La légende d’Elias commence voici mille ans, sur un double-acte fondateur de mort, parricide et fratricide, consacrant l’apparition d’un ordre niant l’intelligence et imposant aux hommes ce qu’ils doivent penser : l’Ordre des Dicteurs.
Métaphore sur le sens de l’Histoire et sur ses tensions idéologiques, ce premier tome montre l’Homme condamné à ne plus se penser ni à se comprendre par lui-même, n’ayant pas d’autre choix que d’imposer sa puissance sur le monde par la violence. Qu’importent ses conceptions du bien ou du mal, car celles-ci lui sont littéralement dictées par un pouvoir occulte, une unique matrice ne produisant qu’inertie de la pensée et passive répétition mécanique.
En bibliste rigoureux mais original, Pascal Bacqué revisite l’opposition Jacob-Esaü, en ce qu’elle révèle de l’opposition de la poésie, qui doit être capable de refaire le monde, et du roman, qui ne se veut que miroir du monde. Cet antagonisme interroge en fait la question cruciale de la filiation. Le bon fils est-il celui qui ressemble à son père et ne fait qu’en reproduire les œuvres, tel Tamas von den Rose, premier des Dicteurs, ou est-il celui qui, fort de l’horizon ouvert par son père, tente de découvrir le sien propre, tel Elias ? C’est cette tension bouleversante qui traverse tout le texte et les personnages : cette fascination amenant jusqu’au meurtre, et cette nouveauté personnelle amenant à la singularité.
Malgré sa lecture mythologique, la légende d’Elias ne dresse pas l’amer constat d’un univers désenchanté qui doit se fuir dans la magie, et donc dans la fiction et le mensonge, pour se guérir, mais d’un univers qui a besoin de se refaire, par le mot, par la phrase, pour que se brise son reflet apparent et émerge sa réalité visible.
Armé du vers, de la prose, du théâtre, et même de la musique, dans des chapitres souvent haletants (le chapitre du démon du jeu est vertigineux de virtuosité), parfois cocasses (les entrefilets d’articles de Libération sont hilarants, notamment l’interview d’un certain « Josué Bovin » sur le maïs transgénique), mais toujours poussés à un degré d’exigence stylistique peu commune, Pascal Bacqué fait un double-pari.
D’abord, en tant qu’écrivain, celui de l’intelligence de son lectorat, car la lecture de sa Légende est au départ assez ardue.
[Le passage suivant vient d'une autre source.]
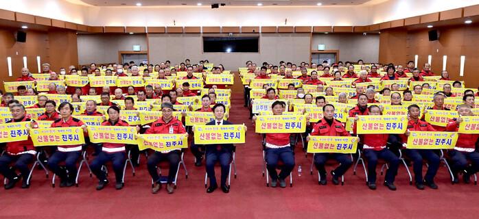 진주시는 28일 시청 2층 시민홀에서 산불감시원 및 산불전문예방진화대, 읍면동 담당 공무원 등 200여 명이 참석한 가운데 ‘2025년 추기 및 2026년 춘기 산불방지 발대식’을 개최했다고 밝혔다.

Celui, ensuite, bien plus audacieux, en tant que poète, que ce monde, lieu où s’exerce puissance et violence, demeure encore mystérieux et en-chanté : l’homme peut encore y habiter en poète, et la terre être à nouveau terre pour lui, comme elle l’était à l’origine pour l’Adam primordial.
L’on suivra avec attention si les promesses esquissées seront tenues dans les tomes suivants avec le même souffle, à la fois épique et humble.
Alors, peut-être que, comme Harr von den Rose, ce sage idéal, ce père légendaire, bien dire une rose suffira à ne plus désespérer du monde et des hommes.